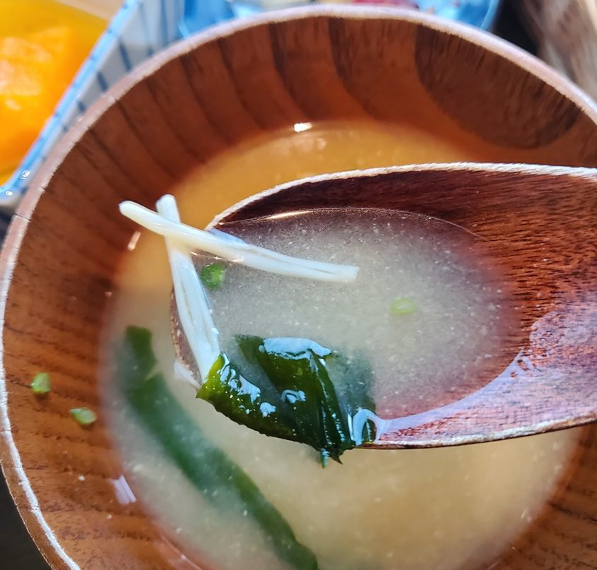 국도 잘 안 먹는 편인데 식사를 하고 마지막으로 마시는 미소가 깔끔하니 좋더라고요!ㅎㅎ 일반적인 미소국이었지만 전반적인 식사와 잘 어울리고, 깔끔한 국물 마무리였습니다. ㅎㅎ
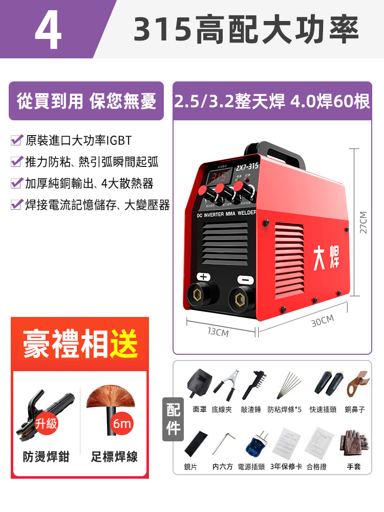 4分鐘前業內焊機領軍品牌【德國DOMHOAI】全新二代數字化電焊機,瞬間起弧,長焊4.0焊條 - 【315-220V/380V】高配款焊機+防燙焊鉗+6米焊線+大禮包
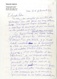 Viena, Austria [a] Pedro Lastra Carta, 26 de febrero 1998, [manuscrito] / Eduardo Labarca Goddard. 1 hoja ; 29 x 21 cm. .
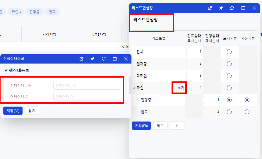 진행상태를 추가하게 되면 상단의 리스트탭이 다양하게 추가됩니다.
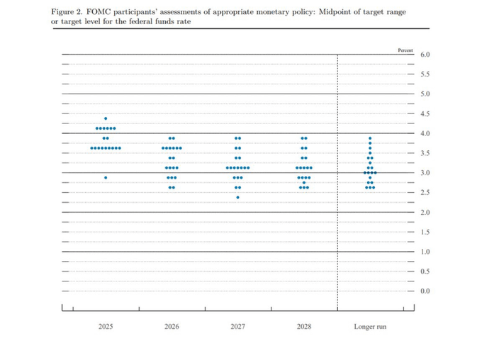 在2026年3月的FOMC会议(联邦公开市场委员会会议,美联储的利率决策会议)上,官员以11比1投票决定,维持政策利率(基准利率)不变,区间为3.50%至3.75%。表面上看,这是稳健、克制的决定。点阵图(dot plot:每位官员对未来利率的预测“点”,用来反映整体倾向)的中位数仍指向2026年降息一次。
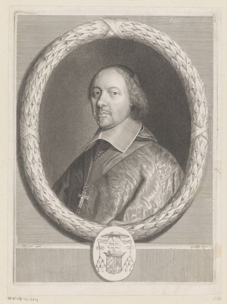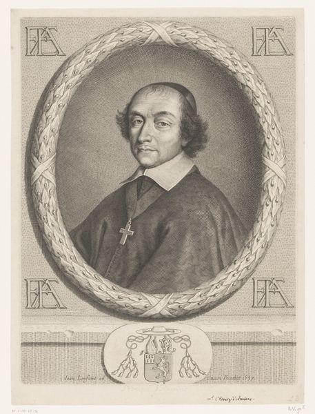 Pierre Landry created this print of François Faure, likely in France during the late 17th century. It presents us with more than just an image of a man; it offers a glimpse into the rigid social structures of the time. The visual codes in this portrait speak volumes about Faure's status as a bishop. We see signifiers of power and religious authority: his clothing, the cross, and the inscription of his title, framing him in the oval. Landry’s work reflects the cultural and institutional power of the Catholic Church in France. The portraits were commissioned and widely circulated to reinforce social hierarchies. Understanding this artwork requires us to delve into the history of the church and its relationship with the state, the role of religious figures in governance, and the dynamics of class and power. As historians, we use resources such as church records, political documents, and other visual materials to better understand the social context that shaped not only the subject but also the creation and reception of this image.
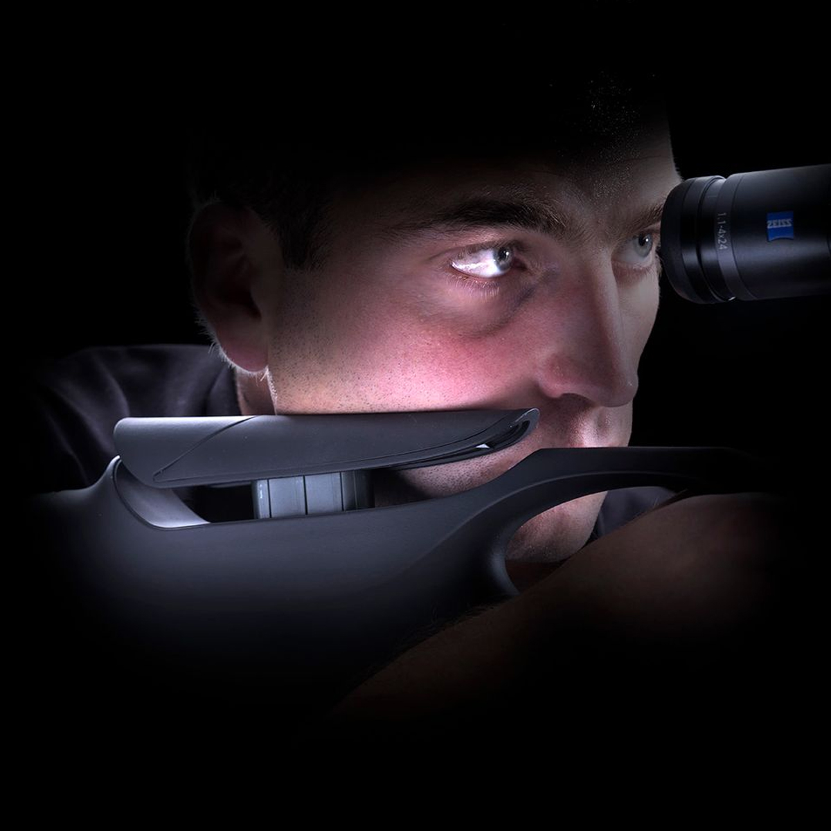 Design Thumbhole: Orificiul pentru degetul mare permite o poziție naturală și relaxată a încheieturii mâinii, oferind o stabilitate mult superioară în timpul ochirii.
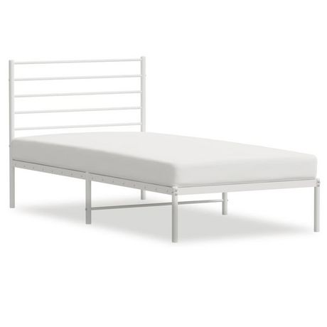 Cadre de lit metal sans matelas avec tete de lit blanc 75x190cm

******************************

> [Assigned task] Would you set down each line of the data exactly, with no images included?

> [Problem solution]
 국도 잘 안 먹는 편인데 식사를 하고 마지막으로 마시는 미소가 깔끔하니 좋더라고요!ㅎㅎ 일반적인 미소국이었지만 전반적인 식사와 잘 어울리고, 깔끔한 국물 마무리였습니다. ㅎㅎ
 4分鐘前業內焊機領軍品牌【德國DOMHOAI】全新二代數字化電焊機,瞬間起弧,長焊4.0焊條 - 【315-220V/380V】高配款焊機+防燙焊鉗+6米焊線+大禮包
 Viena, Austria [a] Pedro Lastra Carta, 26 de febrero 1998, [manuscrito] / Eduardo Labarca Goddard. 1 hoja ; 29 x 21 cm. .
 진행상태를 추가하게 되면 상단의 리스트탭이 다양하게 추가됩니다.
 在2026年3月的FOMC会议(联邦公开市场委员会会议,美联储的利率决策会议)上,官员以11比1投票决定,维持政策利率(基准利率)不变,区间为3.50%至3.75%。表面上看,这是稳健、克制的决定。点阵图(dot plot:每位官员对未来利率的预测“点”,用来反映整体倾向)的中位数仍指向2026年降息一次。
 Pierre Landry created this print of François Faure, likely in France during the late 17th century. It presents us with more than just an image of a man; it offers a glimpse into the rigid social structures of the time. The visual codes in this portrait speak volumes about Faure's status as a bishop. We see signifiers of power and religious authority: his clothing, the cross, and the inscription of his title, framing him in the oval. Landry’s work reflects the cultural and institutional power of the Catholic Church in France. The portraits were commissioned and widely circulated to reinforce social hierarchies. Understanding this artwork requires us to delve into the history of the church and its relationship with the state, the role of religious figures in governance, and the dynamics of class and power. As historians, we use resources such as church records, political documents, and other visual materials to better understand the social context that shaped not only the subject but also the creation and reception of this image.
 Design Thumbhole: Orificiul pentru degetul mare permite o poziție naturală și relaxată a încheieturii mâinii, oferind o stabilitate mult superioară în timpul ochirii.
 Cadre de lit metal sans matelas avec tete de lit blanc 75x190cm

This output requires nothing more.